I pulled out my fusee-box, struck a light, and looked at my watch. It was only ten o'clock.
"We have been walking," said Bergheim, "about half an hour, and I don't believe we have done two miles in the time. Well, it can't go on uphill like this all the way!"
"Impossible," I replied. "Rotheskirche is on the level of the river. We must sooner or later begin descending towards the valley of the Neckar."

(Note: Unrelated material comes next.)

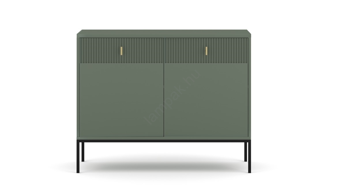 • Két alsó ajtó nagy tárolóhellyel, valamint két, fogantyúval és függőleges bordázattal díszített fiók.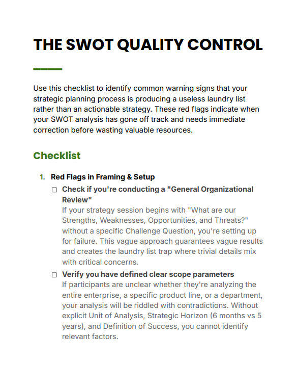 The SWOT Quality Control Checklist is a precision tool designed to audit and fix weak SWOT analyses before they turn into ineffective, generic strategies. It helps you identify critical red flags, eliminate noise, and transform your strategic planning into clear, actionable decisions.

"I wish it might be sooner, then," laughed my companion, "for I had done a good twenty miles to-day before you overtook me."
"Well, perhaps we may come upon some place half way. If so, I vote that we put up for the night, and leave Rotheskirche till the morning."
"Ay, that would be capital!" said he. "If it wasn't that I am as hungry as a wolf, I wouldn't say no to the hut of a charcoal-burner to-night."
And now, plodding on more and more silently as our fatigue increased, we found the pine-forests gradually drawing nearer, till by and by they enclosed us on every side, and our road lay through the midst of them. Here in the wood, all was dark—all was silent—not a breath stirred. The moon was rising fast; but the shadows of the pines lay long and dense upon the road, with only a sharp silvery patch breaking through here and there. By and by we came upon a broad space of clearing, dotted over with stacks of brushwood and great symmetrical piles of barked trunks. Then followed another tract of close forest. Then our road suddenly emerged into the full moonlight, and sometimes descending abruptly, sometimes keeping at a dead level for half a mile together, continued to skirt the forest on the left.
"I see a group of buildings down yonder," said Bergheim, pointing to a spot deep in the shadow of the hillside.
I could see nothing resembling buildings, but he stuck to his opinion.
"That they are buildings," he said, "I am positive. More I cannot tell by this uncertain light. It may be a mere cluster of cottages, or it may be a farmhouse, with stacks and sheds close by. I think it is the latter."